Why did the resistor go on a diet? Because it wanted to become a lighter load!

- To find the total resistance of the load, we can start by finding the equivalent resistance of the two 10.0 Ohms resistors connected in parallel. Let's call this resistance Rp. Using the formula 1/Rp = 1/10 + 1/10, we can simplify to 1/Rp = 2/10 or Rp = 5 Ohms. Then, the total resistance of the load is the sum of the 15.0 Ohms resistor and the equivalent resistance of the parallel resistors, giving us 15 + 5 = 20 Ohms.

- To find the magnitude of the circuit current, we can use Ohm's law, which states that V = IR, where V is the voltage, I is the current, and R is the resistance. In this case, the voltage is 120V and the total resistance is 20 Ohms. So, I = V/R = 120/20 = 6 Amperes.

- Since the two 10.0 Ohms resistors are connected in parallel, they have the same voltage across them. Therefore, the current passing through each of the 10.0 Ohms resistors is the total circuit current, which is 6 Amperes.

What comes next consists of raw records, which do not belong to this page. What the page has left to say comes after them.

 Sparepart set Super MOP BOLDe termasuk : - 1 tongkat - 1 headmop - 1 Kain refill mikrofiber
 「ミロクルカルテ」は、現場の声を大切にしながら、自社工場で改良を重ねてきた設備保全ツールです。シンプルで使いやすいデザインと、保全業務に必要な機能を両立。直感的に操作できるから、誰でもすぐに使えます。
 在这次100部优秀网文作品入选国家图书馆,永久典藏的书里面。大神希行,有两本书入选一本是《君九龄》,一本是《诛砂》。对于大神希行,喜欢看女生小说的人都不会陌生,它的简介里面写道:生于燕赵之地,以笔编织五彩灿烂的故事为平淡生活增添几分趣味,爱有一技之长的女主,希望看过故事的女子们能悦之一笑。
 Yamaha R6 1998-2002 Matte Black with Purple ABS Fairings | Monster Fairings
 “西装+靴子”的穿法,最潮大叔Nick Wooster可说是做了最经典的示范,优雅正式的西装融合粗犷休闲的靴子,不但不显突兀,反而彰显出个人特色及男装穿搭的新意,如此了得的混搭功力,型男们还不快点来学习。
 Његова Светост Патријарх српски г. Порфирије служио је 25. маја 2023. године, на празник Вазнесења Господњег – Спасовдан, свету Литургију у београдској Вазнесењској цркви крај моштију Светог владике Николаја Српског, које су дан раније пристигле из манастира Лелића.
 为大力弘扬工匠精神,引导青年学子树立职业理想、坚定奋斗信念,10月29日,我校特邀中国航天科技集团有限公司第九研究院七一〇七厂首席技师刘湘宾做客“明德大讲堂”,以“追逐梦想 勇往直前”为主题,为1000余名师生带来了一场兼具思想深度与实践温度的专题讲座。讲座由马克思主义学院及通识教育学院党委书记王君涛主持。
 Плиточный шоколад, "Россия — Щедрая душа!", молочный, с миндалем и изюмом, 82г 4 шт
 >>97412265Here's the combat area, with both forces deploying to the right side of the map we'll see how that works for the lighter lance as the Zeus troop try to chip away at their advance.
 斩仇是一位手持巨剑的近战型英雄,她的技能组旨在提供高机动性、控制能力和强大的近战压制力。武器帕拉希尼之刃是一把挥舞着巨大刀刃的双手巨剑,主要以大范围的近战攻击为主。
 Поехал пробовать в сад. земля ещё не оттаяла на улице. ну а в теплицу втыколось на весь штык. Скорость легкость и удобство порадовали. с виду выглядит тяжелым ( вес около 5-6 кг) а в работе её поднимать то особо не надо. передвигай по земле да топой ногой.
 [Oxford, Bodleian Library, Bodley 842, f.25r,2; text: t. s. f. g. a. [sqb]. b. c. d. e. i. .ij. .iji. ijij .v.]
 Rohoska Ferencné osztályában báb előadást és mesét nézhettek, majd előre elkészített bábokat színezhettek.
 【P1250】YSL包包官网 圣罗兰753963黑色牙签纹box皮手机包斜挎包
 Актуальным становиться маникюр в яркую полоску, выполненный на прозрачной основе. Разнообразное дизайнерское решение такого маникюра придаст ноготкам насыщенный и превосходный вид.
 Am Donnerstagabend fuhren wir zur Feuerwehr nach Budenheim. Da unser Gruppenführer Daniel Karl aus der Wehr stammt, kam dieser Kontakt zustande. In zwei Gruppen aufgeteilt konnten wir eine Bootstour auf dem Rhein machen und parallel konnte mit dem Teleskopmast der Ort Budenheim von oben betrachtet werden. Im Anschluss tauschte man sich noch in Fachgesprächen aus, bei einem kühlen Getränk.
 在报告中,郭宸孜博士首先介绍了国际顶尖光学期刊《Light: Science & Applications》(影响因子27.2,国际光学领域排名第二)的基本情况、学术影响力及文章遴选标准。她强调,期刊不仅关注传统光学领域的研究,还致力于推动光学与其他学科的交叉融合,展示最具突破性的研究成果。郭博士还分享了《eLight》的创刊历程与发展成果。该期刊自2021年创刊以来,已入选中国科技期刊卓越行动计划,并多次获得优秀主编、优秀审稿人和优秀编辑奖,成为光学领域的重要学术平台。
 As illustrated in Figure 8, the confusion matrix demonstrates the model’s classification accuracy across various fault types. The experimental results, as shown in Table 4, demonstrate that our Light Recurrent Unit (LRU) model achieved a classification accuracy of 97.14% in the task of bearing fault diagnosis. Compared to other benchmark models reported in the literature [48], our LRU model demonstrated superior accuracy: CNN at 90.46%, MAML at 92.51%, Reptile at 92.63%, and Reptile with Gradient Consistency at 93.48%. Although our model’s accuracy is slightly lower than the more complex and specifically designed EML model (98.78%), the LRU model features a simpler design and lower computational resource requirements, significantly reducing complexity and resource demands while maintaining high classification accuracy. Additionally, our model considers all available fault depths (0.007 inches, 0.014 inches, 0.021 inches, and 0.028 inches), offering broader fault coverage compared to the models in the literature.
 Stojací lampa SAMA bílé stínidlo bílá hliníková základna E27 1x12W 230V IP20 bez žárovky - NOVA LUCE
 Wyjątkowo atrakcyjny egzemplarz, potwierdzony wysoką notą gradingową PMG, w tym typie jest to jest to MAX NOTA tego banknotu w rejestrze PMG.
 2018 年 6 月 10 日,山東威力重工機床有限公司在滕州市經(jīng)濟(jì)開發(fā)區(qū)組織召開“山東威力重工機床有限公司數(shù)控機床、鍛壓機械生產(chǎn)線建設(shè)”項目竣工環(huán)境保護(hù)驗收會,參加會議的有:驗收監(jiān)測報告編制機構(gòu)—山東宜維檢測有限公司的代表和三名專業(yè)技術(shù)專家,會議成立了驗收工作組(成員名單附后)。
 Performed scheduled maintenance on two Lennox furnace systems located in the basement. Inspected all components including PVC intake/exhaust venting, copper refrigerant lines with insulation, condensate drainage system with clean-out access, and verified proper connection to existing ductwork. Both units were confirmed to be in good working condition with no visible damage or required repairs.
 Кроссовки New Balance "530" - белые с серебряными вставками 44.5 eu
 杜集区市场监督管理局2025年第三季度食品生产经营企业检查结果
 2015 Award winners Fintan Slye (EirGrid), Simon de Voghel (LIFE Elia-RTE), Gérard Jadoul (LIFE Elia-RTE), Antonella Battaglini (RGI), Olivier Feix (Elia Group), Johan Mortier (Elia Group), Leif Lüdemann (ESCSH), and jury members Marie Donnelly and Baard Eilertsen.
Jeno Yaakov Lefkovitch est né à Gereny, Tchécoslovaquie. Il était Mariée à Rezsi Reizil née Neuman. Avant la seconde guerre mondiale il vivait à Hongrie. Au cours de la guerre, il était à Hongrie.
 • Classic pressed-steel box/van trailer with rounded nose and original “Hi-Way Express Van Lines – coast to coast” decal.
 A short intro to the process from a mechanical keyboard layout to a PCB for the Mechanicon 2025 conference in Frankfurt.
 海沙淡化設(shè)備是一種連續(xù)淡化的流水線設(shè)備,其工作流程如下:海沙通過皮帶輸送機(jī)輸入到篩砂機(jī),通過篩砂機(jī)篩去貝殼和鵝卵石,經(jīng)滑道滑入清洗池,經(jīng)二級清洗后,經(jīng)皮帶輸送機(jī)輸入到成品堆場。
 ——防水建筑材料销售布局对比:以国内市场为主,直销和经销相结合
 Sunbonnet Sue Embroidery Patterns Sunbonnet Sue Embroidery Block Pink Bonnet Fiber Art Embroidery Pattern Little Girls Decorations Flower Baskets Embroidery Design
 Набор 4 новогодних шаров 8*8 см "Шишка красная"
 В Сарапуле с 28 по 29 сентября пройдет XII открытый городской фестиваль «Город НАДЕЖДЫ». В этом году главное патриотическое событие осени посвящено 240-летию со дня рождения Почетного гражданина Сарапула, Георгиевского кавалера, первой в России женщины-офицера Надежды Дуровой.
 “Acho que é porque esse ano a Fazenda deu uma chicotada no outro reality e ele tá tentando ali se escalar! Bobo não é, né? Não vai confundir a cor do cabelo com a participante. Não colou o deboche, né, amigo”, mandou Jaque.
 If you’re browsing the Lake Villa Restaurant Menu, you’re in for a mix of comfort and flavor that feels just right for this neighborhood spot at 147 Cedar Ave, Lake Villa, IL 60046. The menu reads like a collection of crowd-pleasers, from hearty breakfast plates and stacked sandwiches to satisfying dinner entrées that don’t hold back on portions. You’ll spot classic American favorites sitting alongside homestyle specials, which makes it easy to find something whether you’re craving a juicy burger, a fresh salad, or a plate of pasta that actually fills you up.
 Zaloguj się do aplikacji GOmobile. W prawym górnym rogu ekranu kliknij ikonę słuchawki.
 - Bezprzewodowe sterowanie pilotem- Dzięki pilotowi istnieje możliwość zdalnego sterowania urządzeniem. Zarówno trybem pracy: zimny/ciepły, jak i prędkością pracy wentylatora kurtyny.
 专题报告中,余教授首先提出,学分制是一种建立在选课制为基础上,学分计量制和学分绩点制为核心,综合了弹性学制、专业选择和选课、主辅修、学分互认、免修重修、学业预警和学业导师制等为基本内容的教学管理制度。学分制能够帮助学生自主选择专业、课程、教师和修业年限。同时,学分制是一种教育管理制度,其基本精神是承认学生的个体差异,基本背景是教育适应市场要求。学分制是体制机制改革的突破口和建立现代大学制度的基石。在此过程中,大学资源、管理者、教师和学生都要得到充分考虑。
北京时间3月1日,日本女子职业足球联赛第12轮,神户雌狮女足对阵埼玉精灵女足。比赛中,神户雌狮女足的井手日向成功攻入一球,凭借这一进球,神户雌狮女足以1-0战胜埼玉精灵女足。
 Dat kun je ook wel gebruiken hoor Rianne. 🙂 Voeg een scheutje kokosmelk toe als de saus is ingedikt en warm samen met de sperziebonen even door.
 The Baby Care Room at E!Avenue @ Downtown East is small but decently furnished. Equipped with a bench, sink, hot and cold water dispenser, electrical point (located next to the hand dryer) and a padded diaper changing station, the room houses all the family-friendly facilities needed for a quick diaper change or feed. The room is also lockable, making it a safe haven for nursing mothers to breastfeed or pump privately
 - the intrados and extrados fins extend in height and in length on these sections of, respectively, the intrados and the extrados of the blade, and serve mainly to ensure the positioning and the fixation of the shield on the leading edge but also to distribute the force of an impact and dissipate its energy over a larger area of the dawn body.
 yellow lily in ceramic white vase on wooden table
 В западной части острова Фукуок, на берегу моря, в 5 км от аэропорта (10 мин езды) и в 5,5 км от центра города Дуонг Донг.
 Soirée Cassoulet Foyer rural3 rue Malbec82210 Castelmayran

- As for the potential difference across the 15.0 Ohms resistor, we can once again use Ohm's law. The voltage across the 15.0 Ohms resistor is V = IR = 6 * 15 = 90 Volts. So, the potential difference across the 15.0 Ohms resistor is 90 Volts.

I hope you liked the circuitry comedy! If you have any more electrical questions, feel free to ask!

To find the total resistance of the load, we need to calculate the equivalent resistance of the two 10.0 Ohms resistors in parallel first. Let's call this resistance Rp.

To calculate Rp, we use the formula:
1/Rp = 1/R1 + 1/R2
where R1 and R2 are the resistances of the two resistors in parallel.

Plugging in the values:
1/Rp = 1/10.0 + 1/10.0
1/Rp = 2/10
1/Rp = 0.2
Rp = 1/0.2
Rp = 5.0 Ohms

Now, to find the total resistance, we add the resistance of the 15.0 Ohms resistor to Rp:
Rtotal = 15.0 + 5.0
Rtotal = 20.0 Ohms

The total resistance of the load is 20.0 Ohms.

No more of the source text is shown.